Yeah mostly it is exactly that. I am pretty new to OpenGL but I have a basic understanding of graphics, having worked with programs like Blender before, so it would be helpful if I could use C names, or at least snake_case versions of those.

That makes sense, although there are only a few functions like GenBuffers where the snake case versions don't match.

I'd really recommend trying out a switch to glow and glancing at the source if you can't find something that matches the GL function that you're looking for. I'd like to add more docs to show how each glow function ties to the corresponding functions in the GL specifications but most names are already 1:1 anyway.

coderedart commented 5 months ago

imgui is just an example. The ecosystem has settled on glow, and going against that will lead to a lot of friction. Think of eframe (egui). Its official backend is glow. https://github.com/emilk/egui/tree/master/examples/custom_3d_glow shows how to draw something using glow inside a widget. If you wanted to draw using desktop gl functions, there's not really much of choice.

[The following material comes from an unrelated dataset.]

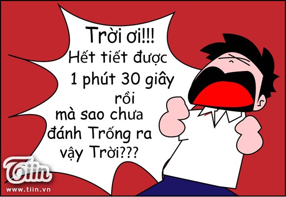 Bác bảo vệ hôm nay đi đâu mà đánh trống trễ vậy, hết tiết gần 2 phút rồi mà chưa có trống.

I think focusing on any particular example would be going too offtopic, as there will always be workarounds. This issue was made when I was just learning openGL (right after learning rust) and back then, it would be really hard to think about forking and patching rust code . Even now, This feature is still useful to me, as I am more likely to use a cool modern gl function if its readily available. But its not absolutely necessary. We can simply workaround by having a fork of glow that exposes the gl fns publicly and Override Crates.io Dependencies to point glow to my fork.

This issue is about whether glow would like to expose its raw fns behind an unstable-raw-gl feature. Its hacky/dirty, but will allow easy access to everything behind an unstable feature flag. If not, this issue should probably be closed.